» Aim of the exercise: An exact restatement of the data is required, with the images omitted.
──────── Data shown ────────
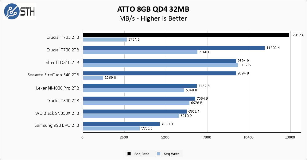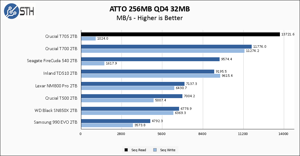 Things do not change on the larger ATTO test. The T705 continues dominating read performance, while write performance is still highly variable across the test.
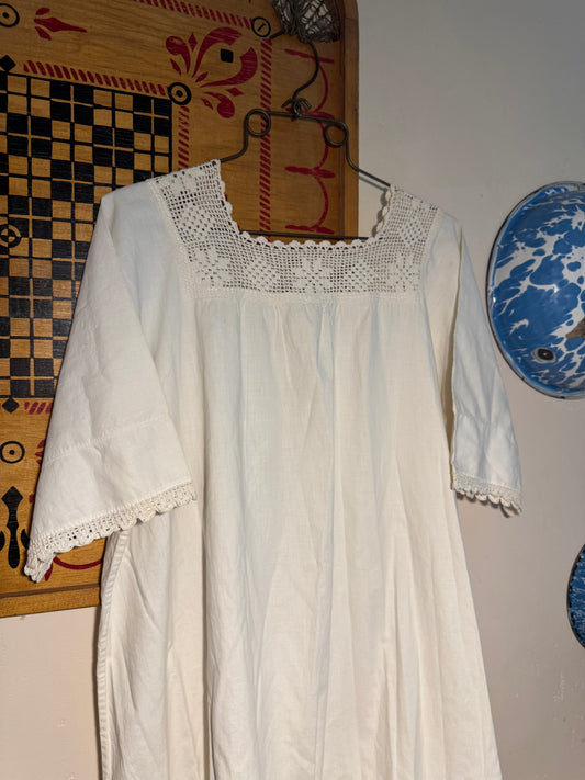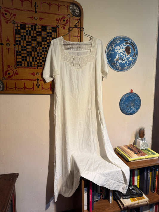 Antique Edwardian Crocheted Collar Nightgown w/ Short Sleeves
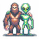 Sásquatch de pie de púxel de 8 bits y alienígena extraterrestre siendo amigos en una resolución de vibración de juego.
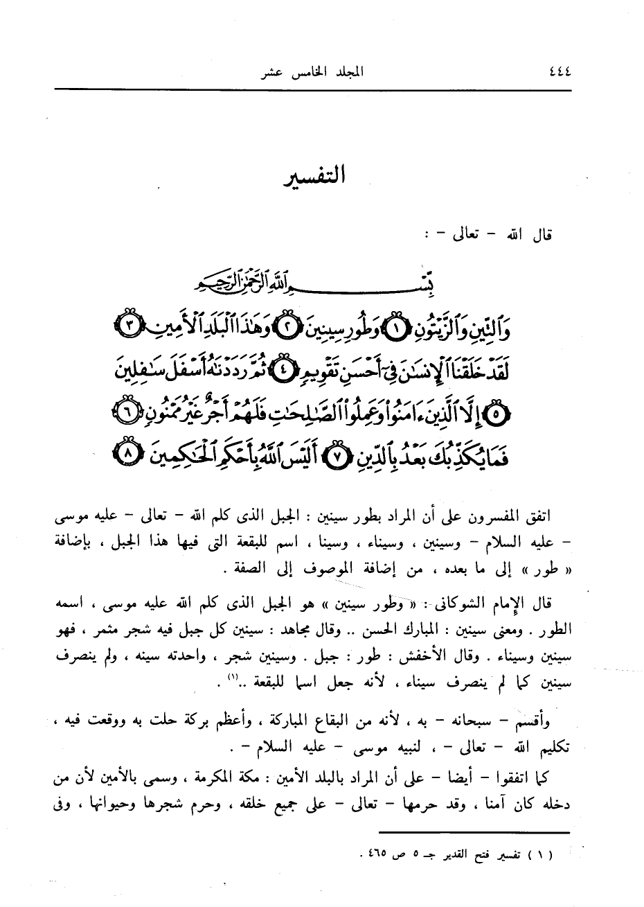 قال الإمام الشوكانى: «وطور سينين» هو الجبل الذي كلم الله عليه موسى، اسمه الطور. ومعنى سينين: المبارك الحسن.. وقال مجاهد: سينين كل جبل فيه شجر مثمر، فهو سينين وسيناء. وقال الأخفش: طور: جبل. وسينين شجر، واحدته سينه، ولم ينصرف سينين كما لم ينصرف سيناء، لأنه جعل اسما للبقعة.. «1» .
────────
» Response to the task:
 Things do not change on the larger ATTO test. The T705 continues dominating read performance, while write performance is still highly variable across the test.
 Antique Edwardian Crocheted Collar Nightgown w/ Short Sleeves
 Sásquatch de pie de púxel de 8 bits y alienígena extraterrestre siendo amigos en una resolución de vibración de juego.
 قال الإمام الشوكانى: «وطور سينين» هو الجبل الذي كلم الله عليه موسى، اسمه الطور. ومعنى سينين: المبارك الحسن.. وقال مجاهد: سينين كل جبل فيه شجر مثمر، فهو سينين وسيناء. وقال الأخفش: طور: جبل. وسينين شجر، واحدته سينه، ولم ينصرف سينين كما لم ينصرف سيناء، لأنه جعل اسما للبقعة.. «1» .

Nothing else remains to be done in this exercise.